Aim of the exercise
Only the lines below from the one that holds "انطلقت بمدينة تنغير" through the one that holds "(1)功能要求:可以管理首页" should appear in the answer, copied exactly, end lines included and pictures omitted.

*** Opening Listed records ***

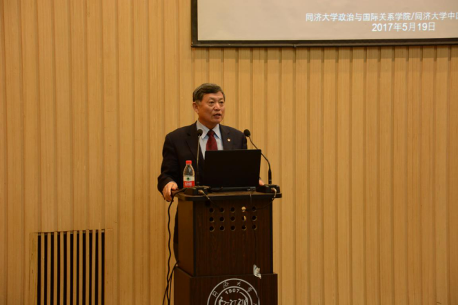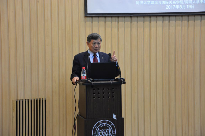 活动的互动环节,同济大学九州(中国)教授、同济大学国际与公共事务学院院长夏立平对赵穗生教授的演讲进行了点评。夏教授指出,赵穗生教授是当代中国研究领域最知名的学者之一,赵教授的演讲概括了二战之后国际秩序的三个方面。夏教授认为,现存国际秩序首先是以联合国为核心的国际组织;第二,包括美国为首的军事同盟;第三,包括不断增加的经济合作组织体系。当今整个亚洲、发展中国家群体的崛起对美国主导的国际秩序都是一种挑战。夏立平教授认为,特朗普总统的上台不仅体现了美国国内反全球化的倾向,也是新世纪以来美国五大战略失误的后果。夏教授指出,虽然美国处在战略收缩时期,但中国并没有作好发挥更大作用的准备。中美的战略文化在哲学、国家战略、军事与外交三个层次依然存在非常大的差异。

*** Closing Listed records ***
*** Opening Listed records ***

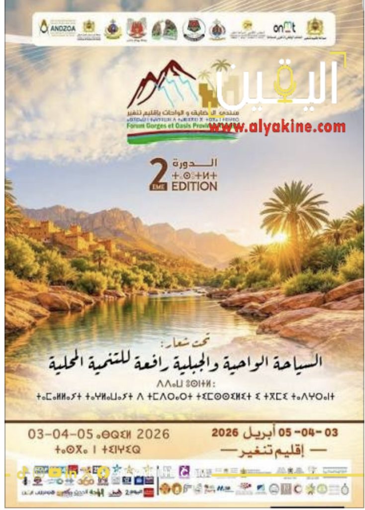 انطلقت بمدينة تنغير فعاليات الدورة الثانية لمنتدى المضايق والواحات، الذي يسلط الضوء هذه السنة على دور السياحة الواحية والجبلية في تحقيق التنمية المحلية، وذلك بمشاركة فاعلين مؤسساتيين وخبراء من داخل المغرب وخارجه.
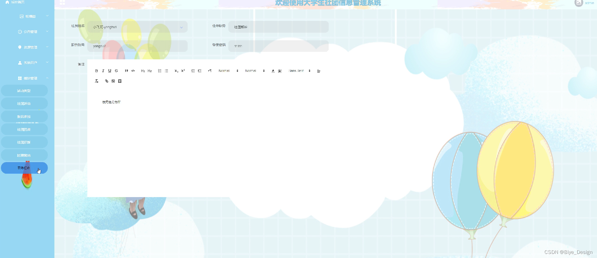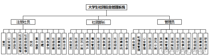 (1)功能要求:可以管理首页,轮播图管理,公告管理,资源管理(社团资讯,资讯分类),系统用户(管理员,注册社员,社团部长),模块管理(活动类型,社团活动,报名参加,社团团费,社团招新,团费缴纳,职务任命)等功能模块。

*** Closing Listed records ***
*** Opening Listed records ***

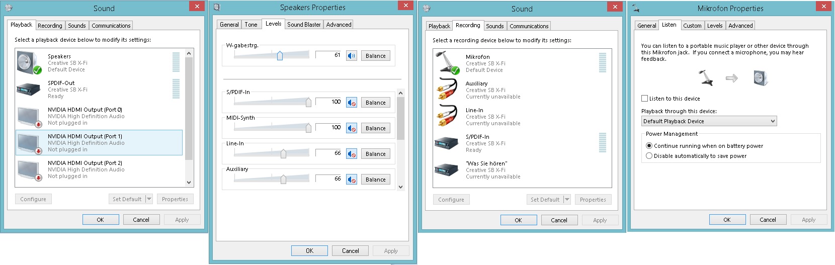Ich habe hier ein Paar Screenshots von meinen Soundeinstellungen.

*** Closing Listed records ***

Your response
 انطلقت بمدينة تنغير فعاليات الدورة الثانية لمنتدى المضايق والواحات، الذي يسلط الضوء هذه السنة على دور السياحة الواحية والجبلية في تحقيق التنمية المحلية، وذلك بمشاركة فاعلين مؤسساتيين وخبراء من داخل المغرب وخارجه.
 (1)功能要求:可以管理首页,轮播图管理,公告管理,资源管理(社团资讯,资讯分类),系统用户(管理员,注册社员,社团部长),模块管理(活动类型,社团活动,报名参加,社团团费,社团招新,团费缴纳,职务任命)等功能模块。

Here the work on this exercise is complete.